→ Your assignment
Retype the records below exactly as they stand, but with no images.

------ Task inputs

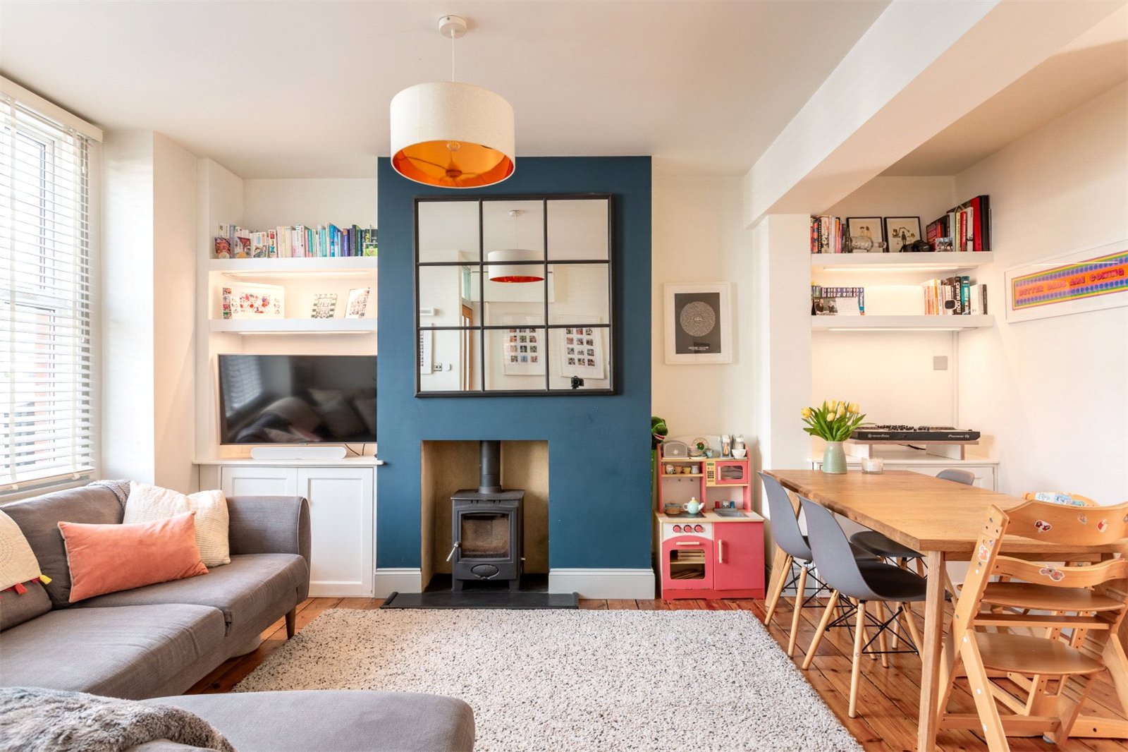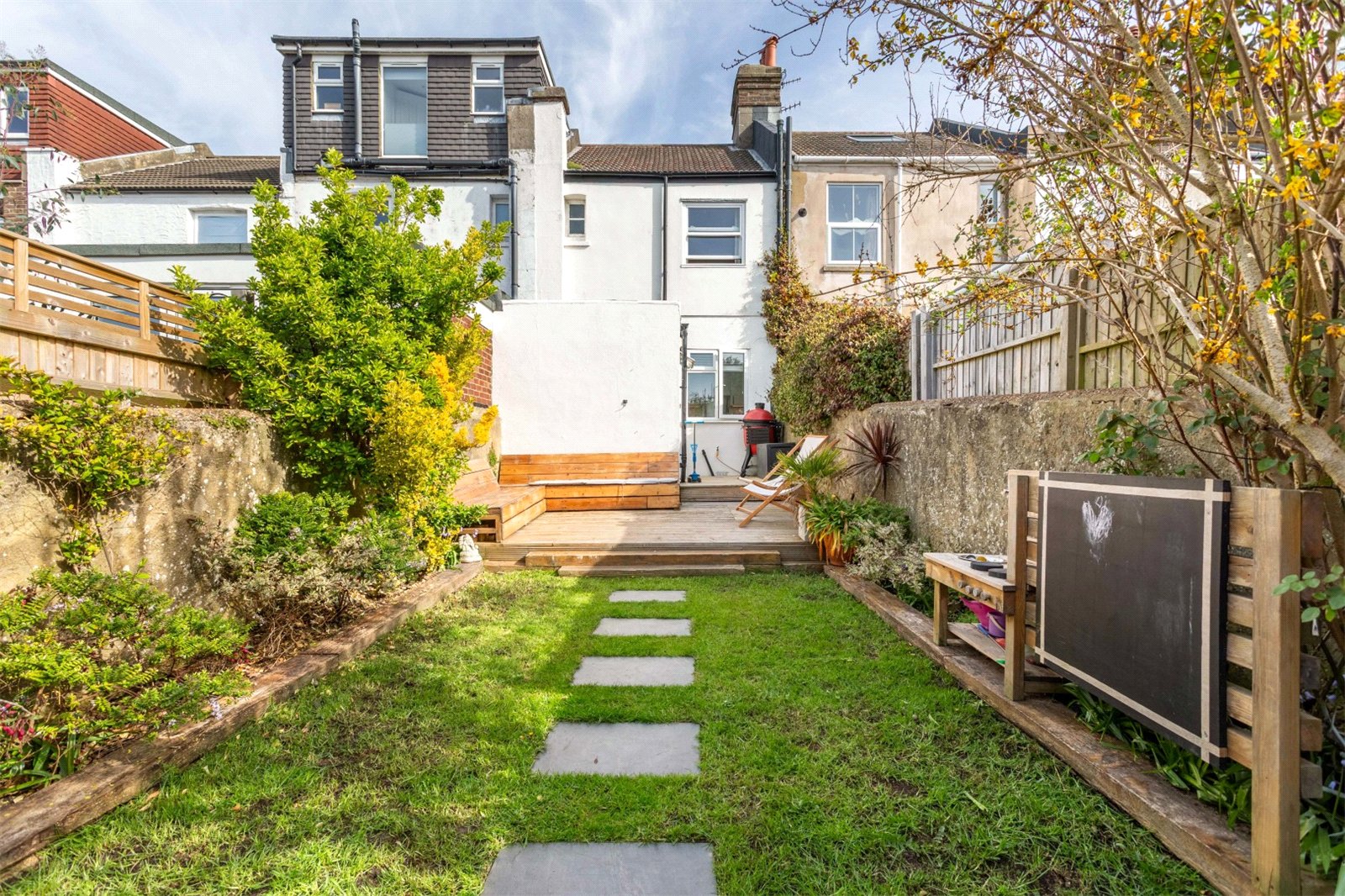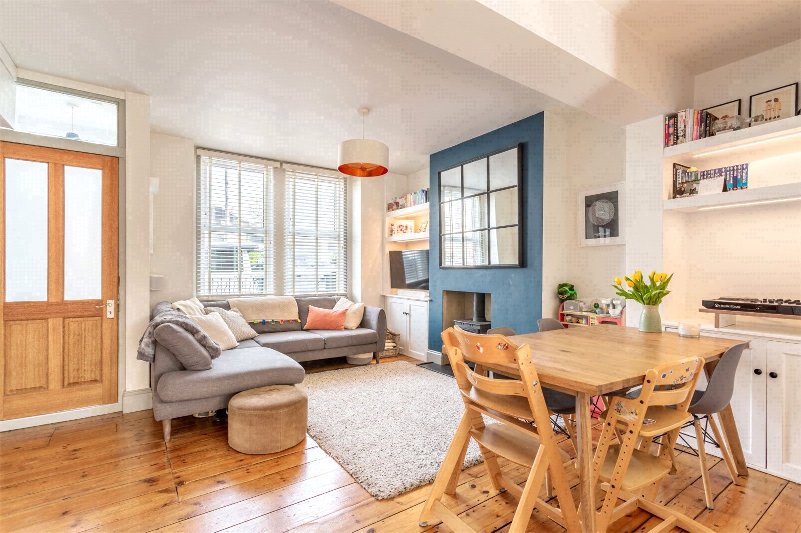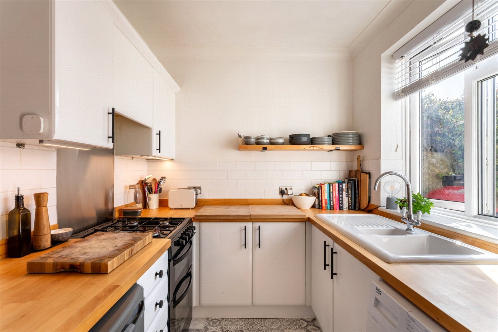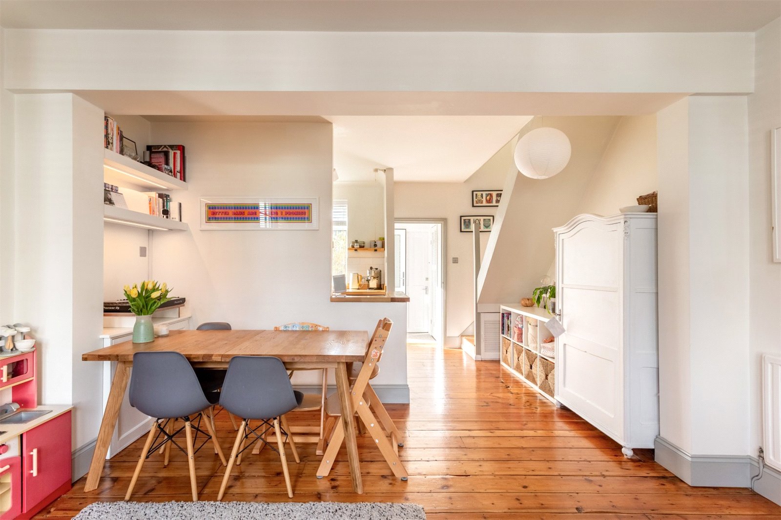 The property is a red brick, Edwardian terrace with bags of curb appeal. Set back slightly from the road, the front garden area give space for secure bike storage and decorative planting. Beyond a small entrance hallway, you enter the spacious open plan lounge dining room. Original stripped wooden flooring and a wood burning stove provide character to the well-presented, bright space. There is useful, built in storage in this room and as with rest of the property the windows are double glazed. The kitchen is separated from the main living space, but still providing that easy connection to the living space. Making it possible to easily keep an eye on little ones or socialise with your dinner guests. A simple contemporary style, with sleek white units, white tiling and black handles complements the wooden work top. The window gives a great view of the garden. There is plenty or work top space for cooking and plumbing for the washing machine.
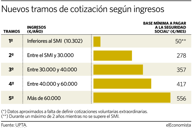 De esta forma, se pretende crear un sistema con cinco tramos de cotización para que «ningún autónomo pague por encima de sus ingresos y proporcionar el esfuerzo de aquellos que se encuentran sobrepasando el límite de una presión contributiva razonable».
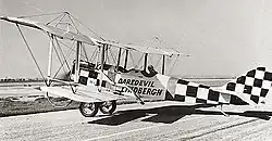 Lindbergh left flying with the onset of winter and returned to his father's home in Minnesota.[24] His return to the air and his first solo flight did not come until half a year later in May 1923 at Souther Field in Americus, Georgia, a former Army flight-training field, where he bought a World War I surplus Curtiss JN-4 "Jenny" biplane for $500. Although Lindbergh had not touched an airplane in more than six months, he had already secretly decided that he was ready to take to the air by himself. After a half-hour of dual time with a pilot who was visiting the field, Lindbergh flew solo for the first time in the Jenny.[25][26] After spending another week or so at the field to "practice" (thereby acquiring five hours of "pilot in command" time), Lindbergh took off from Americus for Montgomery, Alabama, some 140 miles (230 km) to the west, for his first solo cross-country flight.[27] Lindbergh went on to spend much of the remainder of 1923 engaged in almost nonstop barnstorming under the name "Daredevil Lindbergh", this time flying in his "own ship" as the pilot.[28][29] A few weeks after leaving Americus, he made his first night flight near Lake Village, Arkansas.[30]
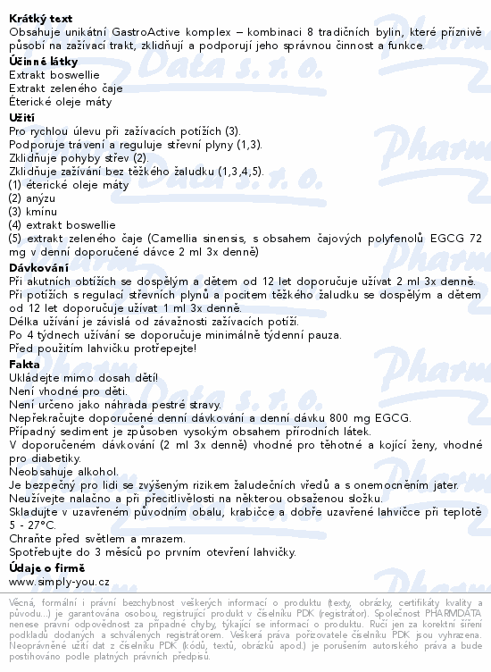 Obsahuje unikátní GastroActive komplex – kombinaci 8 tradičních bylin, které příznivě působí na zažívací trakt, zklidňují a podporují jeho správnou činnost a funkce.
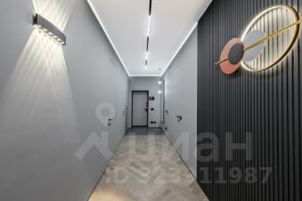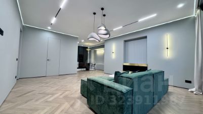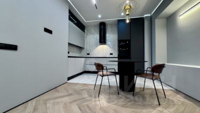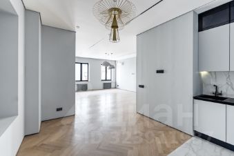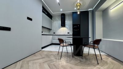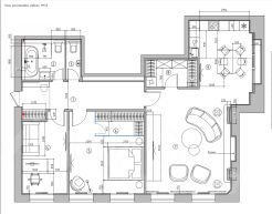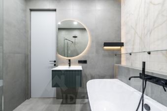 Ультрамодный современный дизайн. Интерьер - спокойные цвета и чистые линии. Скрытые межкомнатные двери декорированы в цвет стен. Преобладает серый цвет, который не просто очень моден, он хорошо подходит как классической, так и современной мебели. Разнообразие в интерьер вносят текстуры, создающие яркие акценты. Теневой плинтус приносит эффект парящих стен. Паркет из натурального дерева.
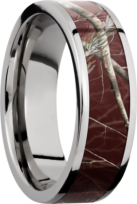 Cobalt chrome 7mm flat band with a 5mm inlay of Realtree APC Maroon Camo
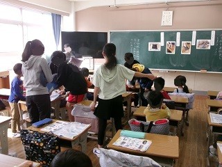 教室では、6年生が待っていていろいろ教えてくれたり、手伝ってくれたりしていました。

------------

→ Answer to this exercise
 The property is a red brick, Edwardian terrace with bags of curb appeal. Set back slightly from the road, the front garden area give space for secure bike storage and decorative planting. Beyond a small entrance hallway, you enter the spacious open plan lounge dining room. Original stripped wooden flooring and a wood burning stove provide character to the well-presented, bright space. There is useful, built in storage in this room and as with rest of the property the windows are double glazed. The kitchen is separated from the main living space, but still providing that easy connection to the living space. Making it possible to easily keep an eye on little ones or socialise with your dinner guests. A simple contemporary style, with sleek white units, white tiling and black handles complements the wooden work top. The window gives a great view of the garden. There is plenty or work top space for cooking and plumbing for the washing machine.
 De esta forma, se pretende crear un sistema con cinco tramos de cotización para que «ningún autónomo pague por encima de sus ingresos y proporcionar el esfuerzo de aquellos que se encuentran sobrepasando el límite de una presión contributiva razonable».
 Lindbergh left flying with the onset of winter and returned to his father's home in Minnesota.[24] His return to the air and his first solo flight did not come until half a year later in May 1923 at Souther Field in Americus, Georgia, a former Army flight-training field, where he bought a World War I surplus Curtiss JN-4 "Jenny" biplane for $500. Although Lindbergh had not touched an airplane in more than six months, he had already secretly decided that he was ready to take to the air by himself. After a half-hour of dual time with a pilot who was visiting the field, Lindbergh flew solo for the first time in the Jenny.[25][26] After spending another week or so at the field to "practice" (thereby acquiring five hours of "pilot in command" time), Lindbergh took off from Americus for Montgomery, Alabama, some 140 miles (230 km) to the west, for his first solo cross-country flight.[27] Lindbergh went on to spend much of the remainder of 1923 engaged in almost nonstop barnstorming under the name "Daredevil Lindbergh", this time flying in his "own ship" as the pilot.[28][29] A few weeks after leaving Americus, he made his first night flight near Lake Village, Arkansas.[30]
 Obsahuje unikátní GastroActive komplex – kombinaci 8 tradičních bylin, které příznivě působí na zažívací trakt, zklidňují a podporují jeho správnou činnost a funkce.
 Ультрамодный современный дизайн. Интерьер - спокойные цвета и чистые линии. Скрытые межкомнатные двери декорированы в цвет стен. Преобладает серый цвет, который не просто очень моден, он хорошо подходит как классической, так и современной мебели. Разнообразие в интерьер вносят текстуры, создающие яркие акценты. Теневой плинтус приносит эффект парящих стен. Паркет из натурального дерева.
 Cobalt chrome 7mm flat band with a 5mm inlay of Realtree APC Maroon Camo
 教室では、6年生が待っていていろいろ教えてくれたり、手伝ってくれたりしていました。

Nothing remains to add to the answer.